Once I was home (after four weeks in hospital), I often tried to step forward and do the right things. Apparently, one time I pulled on the heavy oven mitts…. then plunged my hands into the sink to wash the dishes.
In a coma state, a survivor may cry or/and seem agitated, and then don’t remember any of this when they regain consciousness. A survivor says, “ I am told that I was ‘weepy’ during the coma, but have absolutely no recollection of it.”
Wendy says, “I remember while still in hospital (around the 25th day), my Goodspouse was given permission to take me home for a brief afternoon visit. I remember feeling… nothing. I didn’t want to go. And I didn’t want NOT to go. A feeling of that type was beyond my ability at that time. I did what I was told. I knew that this was my family, my home. But… no emotion.

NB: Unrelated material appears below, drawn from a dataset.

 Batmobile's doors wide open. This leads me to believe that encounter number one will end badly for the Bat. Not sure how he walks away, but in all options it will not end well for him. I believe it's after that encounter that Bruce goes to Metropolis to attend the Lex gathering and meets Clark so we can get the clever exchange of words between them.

And I was very comfortable to be taken back to my hospital bed.
It is my personal opinion that my brain was in such a state of catastrophe, my memory capability just shut down. As if, that was a part of my process which was not vital at the time, and could be put on hold. (Or, perhaps God thought that there was nothing happening in those four weeks, which would be a very nice memory for me…) After the four week hospital stay, I would go back to hospital two or three times a week, as an outpatient.
When will she be back to normal?
….”seeking the outcome? Ah, just be delighted, today, that your loved one is still here. The outcome will not be finalized for quite a while yet, my friend. While some zone, some area of his brain has been permanently destroyed; other areas of the brain will make every effort to ‘fill the blanks’. The first six months after the illness will be the most remarkable, with two steps forward and one step back in progress. But, for long after that, small steps will be made, improvements here and there… Hang in, my friend…! “
How long until she ‘gets well?’ As you can imagine, every case is different… from a touch of encephalitis which folks don’t even get diagnosed, to a very serious illness.
- The first six months show astounding improvement.
- The next six months… improvement on a regular basis.
- Improvement will continue for the rest of her life. (Click here to view more information on Brain Plasticity.)
And, even at the date 18 months after my illness, I was told, “Wendy, take it easy. Slow down. Be kind to yourself. Be mellow. You are still healing.” I suggested that I thought I had reached a sort of maximum, full measure of healing. Professional advisor said, “No. We will do another test, an EEG, at your two year mark. It is our opinion that healing is still happening.”
The Catch 22? Well, it seems, it is not the best thing to push and strive to do more, accomplish more, and try to return to the ‘old Wendy’ Pushing and stressing does more harm than good. Life has enough stress in a Survivors day-to-day existence. We are doing ourselves no favours by pushing ourselves, and raising the stress level.